You won't find the answers here:

http://tinyurl.com/68sfbp

but it is time to get answers to them.

In the heydays of conceptualising the MSC, it was envisioned that it would be so big you can drop the island down south into it. If we take this action generically, we can shortcut the visioning process and then snapshot the new targets for development based on the differences noted. What can be done for one state can be done for the others; they needn't be that island.

walla said...

Taking up on the blogger's update, one suspects the economic planners do know about the imperative for productivity but they also work for political bosses whose time horizon is about four years maximum and if you walk into any one of the subMNC-level plants or offices that pepper the country, you will come out with confidence shaken that the workers can improve their productivity within those four years. The equipment is simple, the workers laborers, the supervisors static and the management defocused from critical issues until they appear too much too early. So how to improve productivity?

That's why the FDIs have remained so important for so long. They bring not only capital and technology but also markets and techniques. Unfortunately they reap most of the rewards while exercising the least commitment to longstay.

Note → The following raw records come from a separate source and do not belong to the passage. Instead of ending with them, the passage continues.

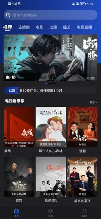 界面简洁易操作:采用极简设计理念,分类导航清晰直观。各板块一目了然,删除无关广告弹窗内容,用户可以快速定位目标内容,随时随地畅享看剧乐趣。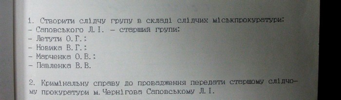 - То убийство, как сейчас помню, было совершено на Михайла. Я тогда работал старшим следователем прокуратуры города Чернигова. Прокурором области был Богатыренко Владимир Константинович, который и дал распоряжение мне расследовать данное дело. Но до конца его я не довел передал то ли Марченко то ли Овчаренко, та как перешел в аппарат прокуратуры области, а это была моя подследственная территория, - вспоминает Леонид Саповский.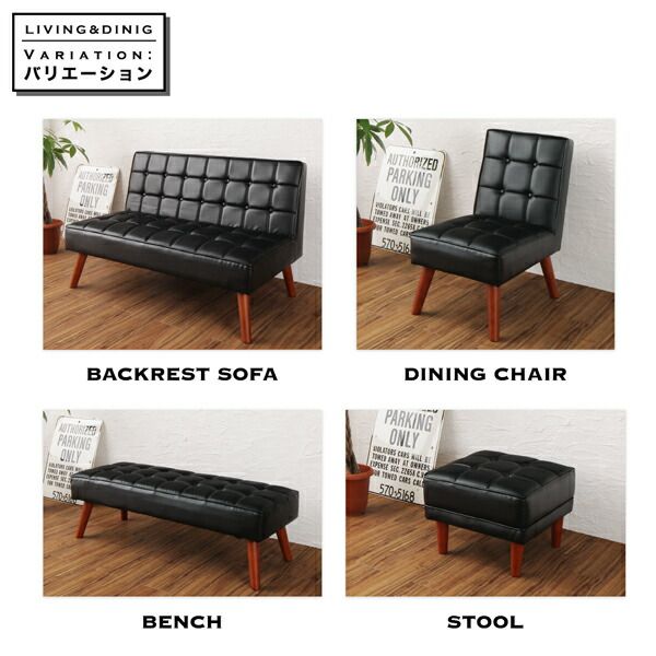 (テーブル+ソファ1脚+アームソファ1脚+ベンチ1脚)4点セット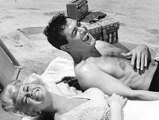 Doris Day got her start in the light musical comedies of the 1940s, but she made her mark as a liberated woman in a series of Camelot-era sex comedies with suggestive titles: Pillow Talk (1959), It Happened to Jane (1959), Lover Come Back (1961), That Touch of Mink (1962), The Thrill of it All (1963), Move Over Darling (1963). Her usual costar, gay actor Rock Hudson, helped her tiptoe around the boundary between not knowing that gay people exist and knowing but not saying.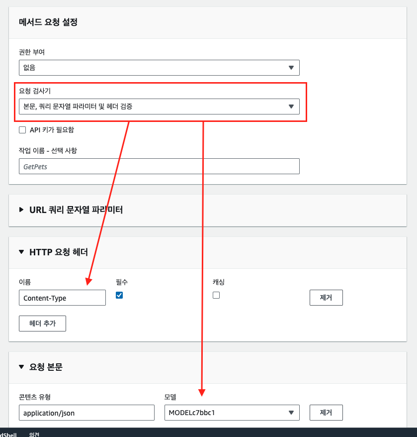 REST API는 메서드 요청 설정을 통해 요청 헤더와 본문에 대한 검증을 수행할 수 있다. 요청 검사기에 쿼리 문자열 파라미터 및 헤더 검증을 선택하고 아래와 같이 Content-Type 헤더 유무와 요청 페이로드에 대한 모델 스키마를 만들어서 지정할 수 있다. REST API에 대한 데이터 모델은 JSON 스키마 드래프트 4로 정의할 수 있다.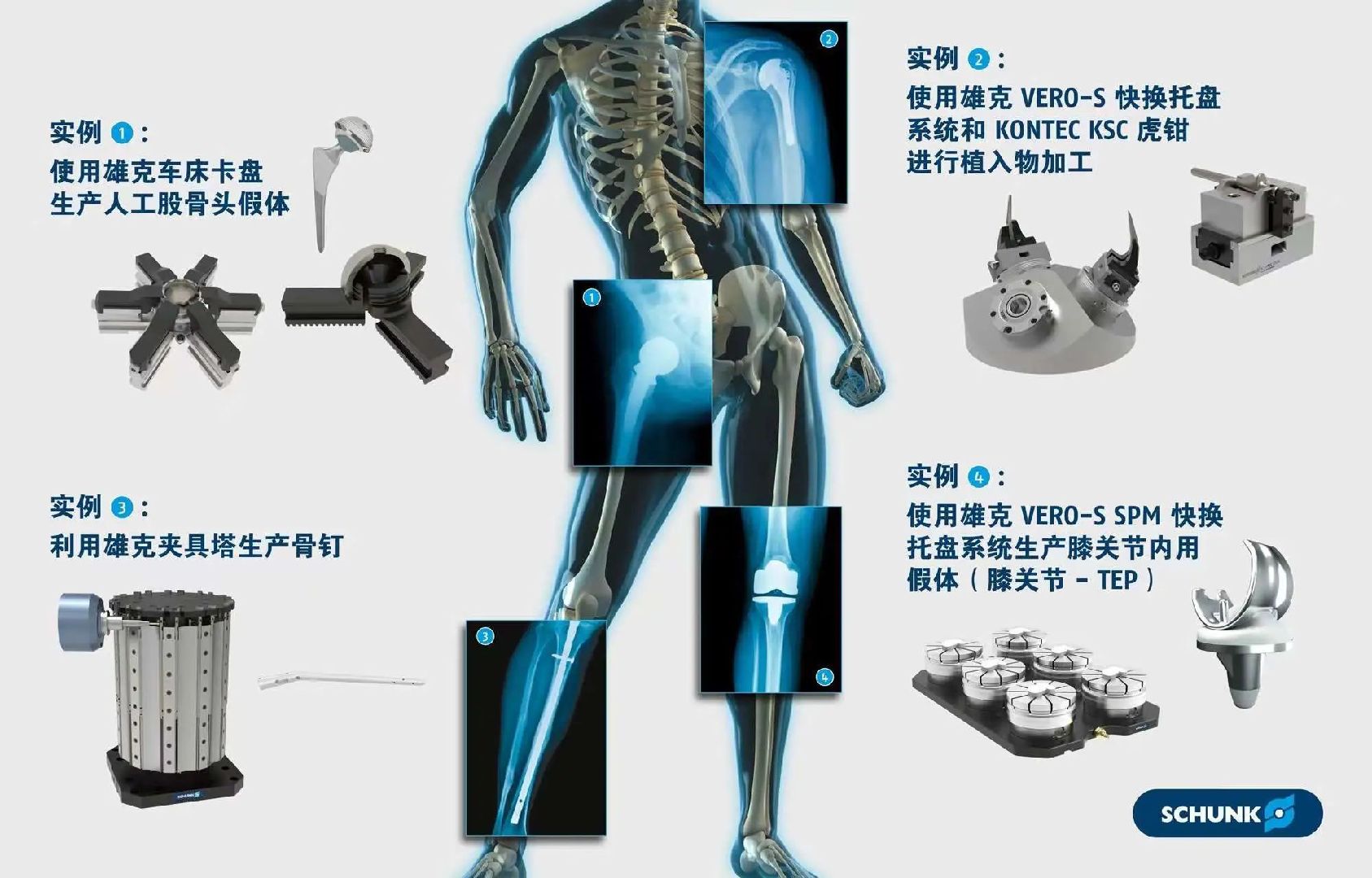 雄克为骨科植入物生产 提供类型多样的夹持解决方案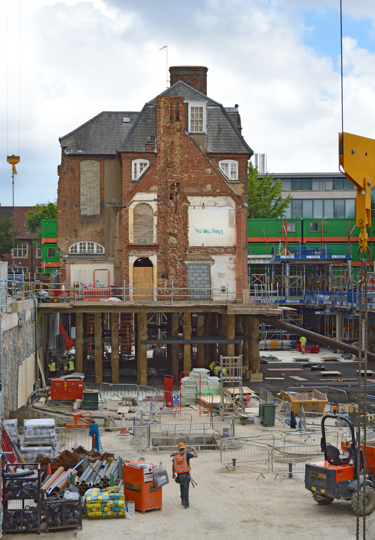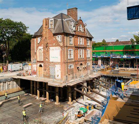 “The high point was when the Grade II* listed building central to this site was free standing on its newly installed piled legs. Having completely excavated under the listed building, extremely accurate laser monitoring was in place, confirming that once on its legs, the building had only moved 2mm.”- Bidwells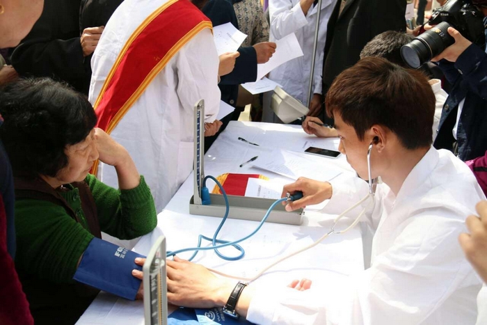 我院志愿者为群众测量血压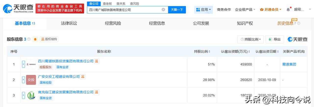 【四川南广城际铁路公司登记成立 注册资本90亿】 天眼查工商信息显示,近日,四川南广城际铁路有限责任公司成立,法定代表人为唐勇,注册资本90亿人民币,经营范围包括公共铁路运输、铁路机车车辆维修、预应力混凝土铁路桥梁简支梁产品生产、建设工程质量检测等。股东信息显示,该公司由四川蜀道铁路投资集团有限责任公司、广安交投工程建设有限公司、南充临江建设发展集团有限责任公司共同持股。 天眼查信息:

Since the economic planners can't penetrate to that micro-level of familiarization with the actual bric-bracs of running such MNC-level operations, their output will continue to remain focused on hardware with little appreciation of the software that makes or breaks the survivability of enterprises in the modern age.

But that is not all. There will always been an element of need for continuous improvement, even for simple aspects like maintenance. Take training and supervision, and look at the operations of a JV hypermart, for instance. When the foreign partner comes to help start it, things are tight in the first month - items are neatly placed and thoughtfully arranged, price tags are updated and positioned right, counter staff are effusively polite and clear queues efficiently, items are replenished on time to show a well-stocked shop, perishables look fresh and so on. Months later, there's too much salt on the fries, the burger is packed semicold with the pattie in suspect condition, the icecream has melted, and if you ask for chili sauce, you will get tomato, and no receipt.

Regardless whether you have jumped from Tesco to McDonald's, the problem is endemic.

The genesis of it all is probably leadership. Since the ones before us are only shaped by money politics, there is therefore truth in the old adage: money is the root of all evils.

de minimis said...

Hi walla

Another good set of references.

You've previously given some excellent links on the matter of productivity. We'll need to re-visit this theme very, very soon.

Krugman, Porter et al, great contemporary economic thinkers, all look at productivity as one of the key performance indicators. So, regardless of how Malaysia's economic managers pretend to use other KPIs, it is productivity that remains as an important benchmark.